Some time ago these little creatures size of sand grain developed in my tank. I don't know why and what that is. Also is it beneficial for my aquarium or I should try to get rid of it? 




Mike




Sent from my iPhone using Tapatalk


----------



## Nathaniel Whiteside (15 Feb 2014)

Seed shrimp?


----------



## MikeJojo (15 Feb 2014)

Should I be worried?


Sent from my iPhone using Tapatalk


----------



## Arne (15 Feb 2014)

you mean the little white dots ? looks like a fungus, if that makes any sense under water...


----------



## MikeJojo (15 Feb 2014)

Yes, little dots. They move around the tank so I don't think its fungus 


Sent from my iPhone using Tapatalk


----------



## Gary Nelson (15 Feb 2014)

Snail eggs?


----------



## MikeJojo (15 Feb 2014)

I don't have a snail 


Sent from my iPhone using Tapatalk


----------



## Gary Nelson (15 Feb 2014)

MikeJojo said:


> I don't have a snail
> 
> 
> Sent from my iPhone using Tapatalk


Nor do I, but sometimes they are already on plants that you buy


----------



## MikeJojo (15 Feb 2014)

Ohh right, I forgot about that  It emerged just now, couple of months since plants were planted. 


Sent from my iPhone using Tapatalk


----------



## jose_j (15 Feb 2014)

Hi MikeJojo,

I can't see the little creatures in your picture but your description could match with Cyclops, little & white copepod crustaceans moving fast in the tank. I this is what you have, don't worry about them.

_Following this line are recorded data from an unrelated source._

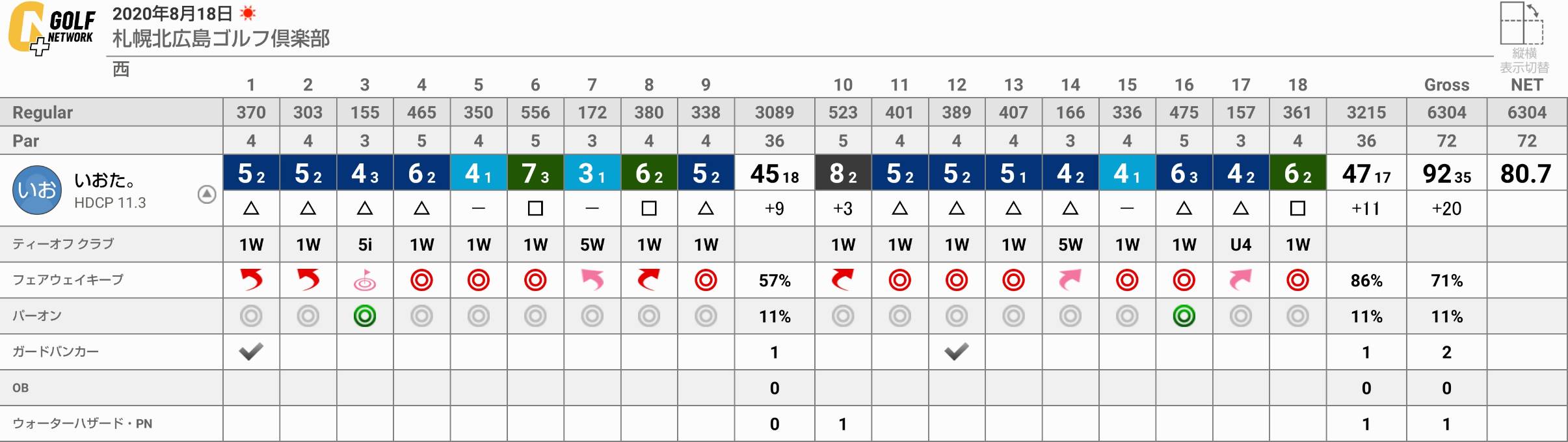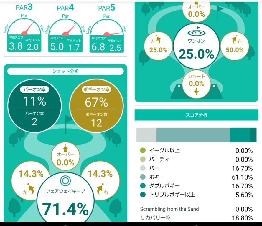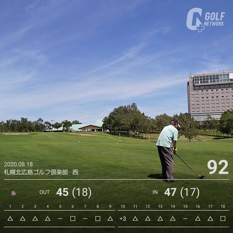 【いおた。memo】今回は左肘にサポーターを巻いたせいかラウンド後の肘の痛みはそれ程でもなかった。打ち方もインパクトで叩くような事はしなかった。またパットがイマイチだったがパターのスタンスは狭い方が良さそう。短いアプローチはボディターンで上手く打てた。
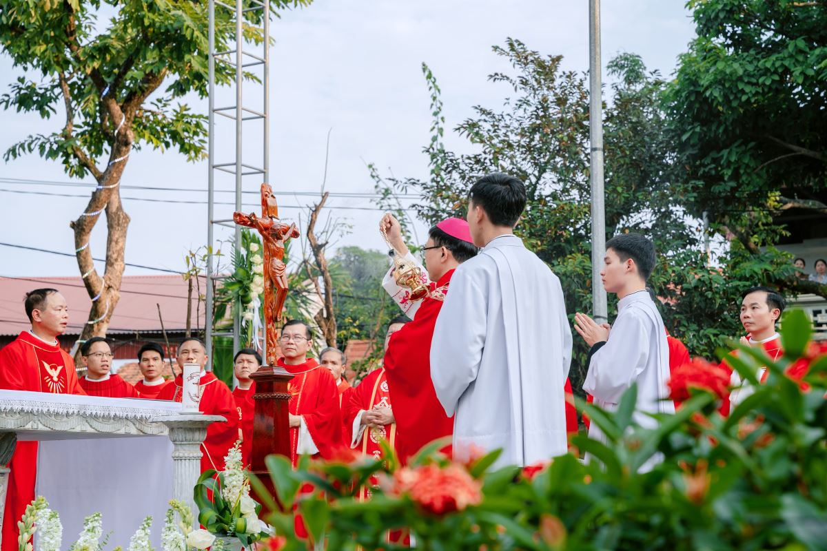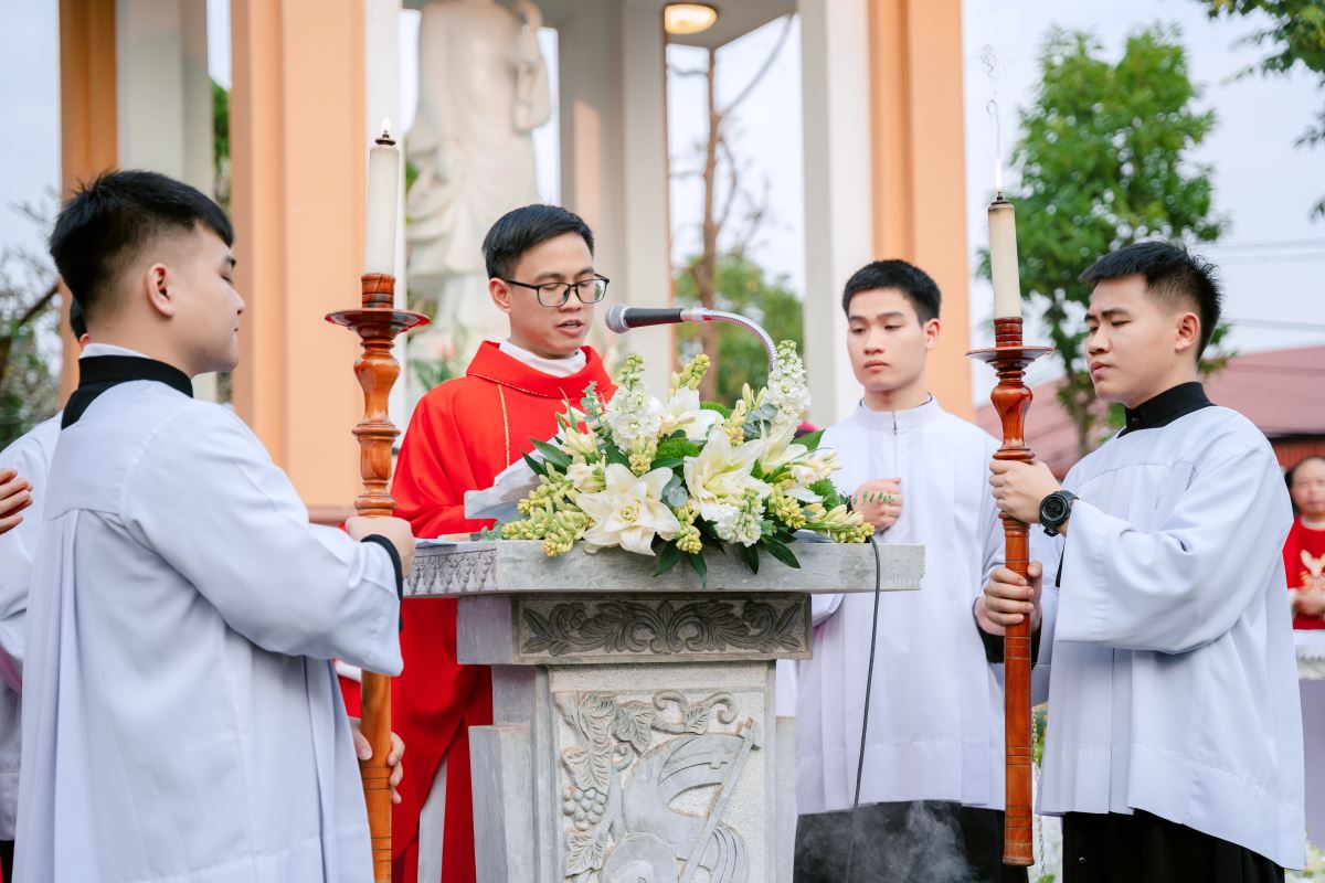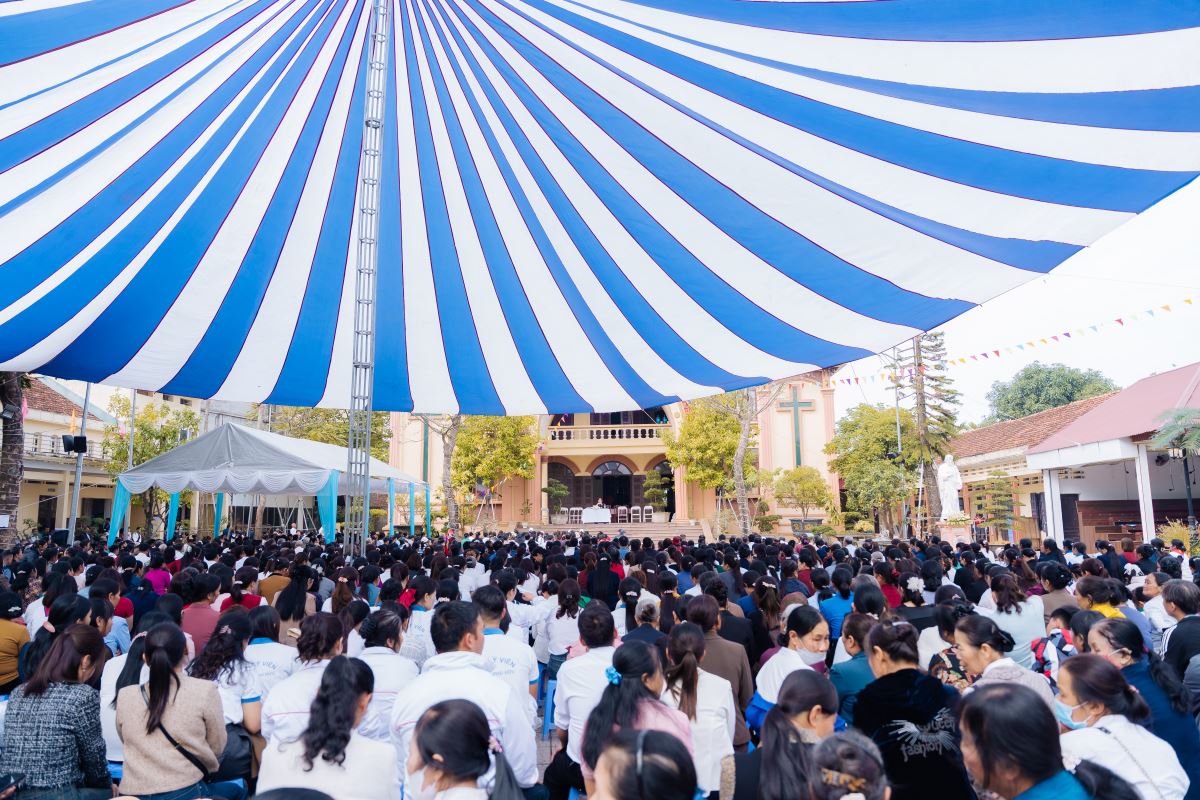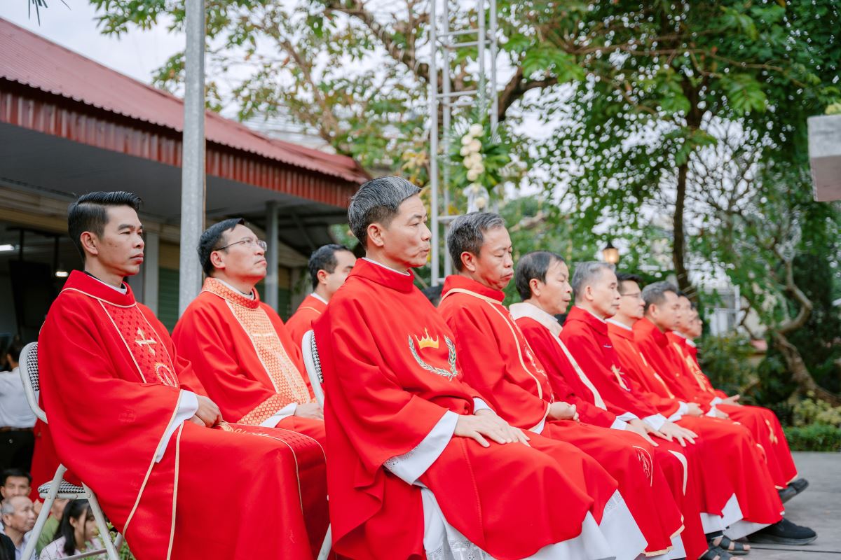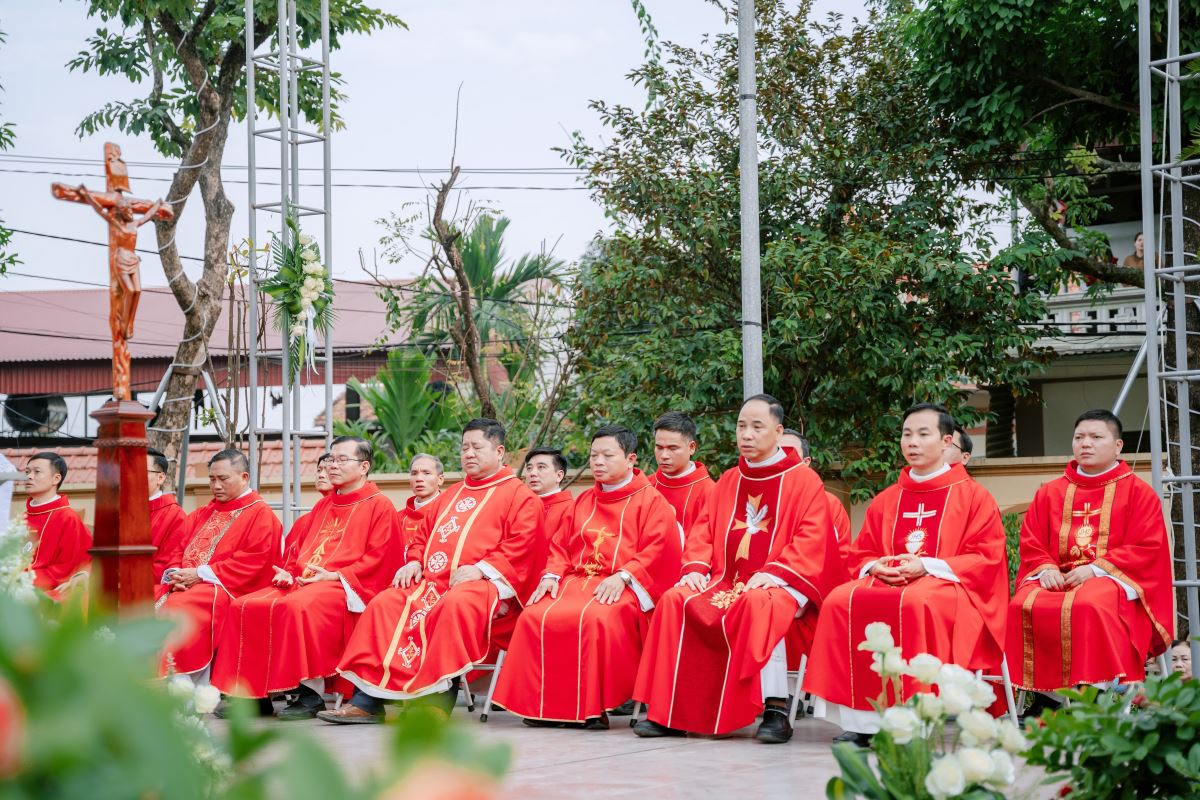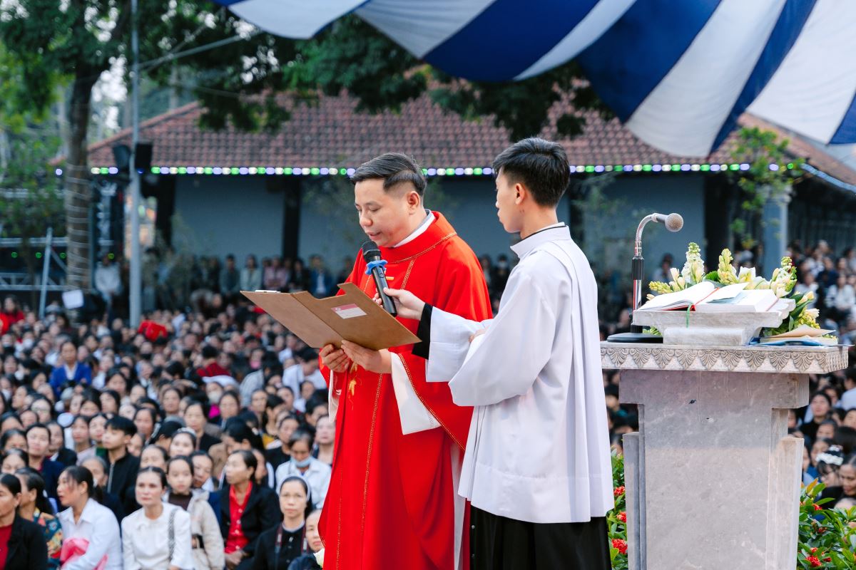 Trong bài giảng, Đức cha làm nổi bật nhân đức khôn ngoan của Thánh Phêrô Vũ Văn Truật – vị thầy giảng trẻ tuổi đã hiến trọn đời mình cho Thiên Chúa. Sự khôn ngoan ấy không chỉ thể hiện nơi lời nói đầy xác tín khi ngài dùng miệng lưỡi để làm chứng cho chân lý, nhưng còn được biểu lộ qua những chọn lựa dứt khoát trong đời sống, khi thánh nhân chọn Chúa làm phần gia nghiệp duy nhất của mình. Đỉnh cao của sự khôn ngoan ấy chính là lòng trung tín đến cùng, được thể hiện qua việc can đảm vác thánh giá và sẵn sàng hy sinh mạng sống vì đức tin. Từ gương sáng của thánh bổn mạng, Đức cha mời gọi cộng đoàn, cách riêng các giáo lý viên hôm nay biết chọn Chúa làm lẽ sống, trung thành với đức tin và can đảm sống Tin Mừng, để trở nên những chứng nhân sống động cho thế hệ trẻ.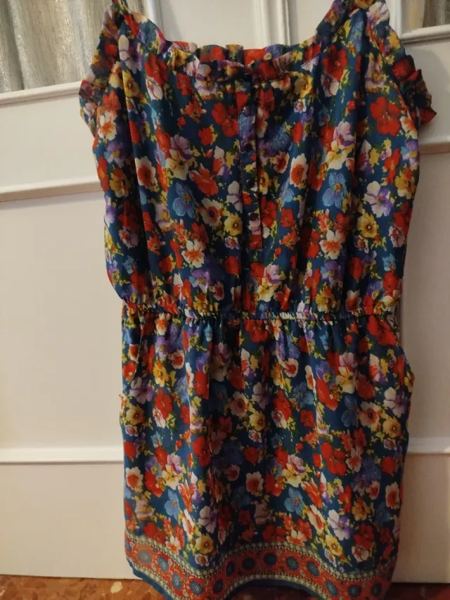 Vestido floral azul y multicolor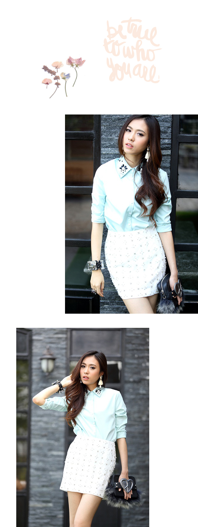 บอดี้คอนผ้าทอเนื้อดี๊ดี งาน Premium จากแดนเกาหลี ดีไซน์ปักลูกปัดและหมุดอย่างดีที่ตัวกระโปรงด้านหน้า งานซิป มาพร้อมซับใน แนะนำให้แมทช์กับเสื้อเชิ้ต หรือ เสื้อยืดเรียบๆ ได้ลุกส์สวยหรูค่ะ หมายเหตุ: น้องกุ๊กกิ๊กและฟาใส่ S ค่ะ

Try to use a magnifying glass and check if they are like the one in this picture.

They are great as food for young fishes.

Keep us informed!

Cheers,

Jose


----------



## MikeJojo (15 Feb 2014)

That's good there nothing to worry about. Thanks 


Sent from my iPhone using Tapatalk


----------



## BigTom (15 Feb 2014)

Almost certainly either cyclops or ostracods. Neither are anything to worry about and most fish will enjoy eating them. A quick google image search should enable you to determine which it is, or you can tell by the way they move; cyclops dart about with very quick short movements, whilst ostracods sort of bumble drunkenly around in a seemingly haphazard fashion. The other thing they could be are small freshwater limpets, which just crawl very slowly like sleepy snails.


----------



## Tim Harrison (16 Feb 2014)

It's a little doood with a mohawk...


----------



## MikeJojo (16 Feb 2014)

Are they by a chance algae eaters? 


Sent from my iPhone using Tapatalk


----------



## jose_j (16 Feb 2014)

MikeJojo said:


> Are they by a chance algae eaters?
> 
> 
> Sent from my iPhone using Tapatalk


 
If they are Cyclops they feed feed on small fragments of plant material, animals or carrion. If what you have are ostracods they have a wide range of diets depending on the species (carnivores, herbivores, scavengers and filter feeders).

If you have algae problems in your tank ...,  I don't think they will solve them 

Cheers,

Jose


----------



## MikeJojo (16 Feb 2014)

jose_j said:


> If you have algae problems in your tank ...,  I don't think they will solve them



I had some problems with algae but now it is all sorting out. These little inmates appeared just about the same time as my algae started to disappear, so I wondered whether it's because of them or due to established environment in regards of co2 level, flow and nutrients I'd managed to achieve 

Mike


Sent from my iPhone using Tapatalk


----------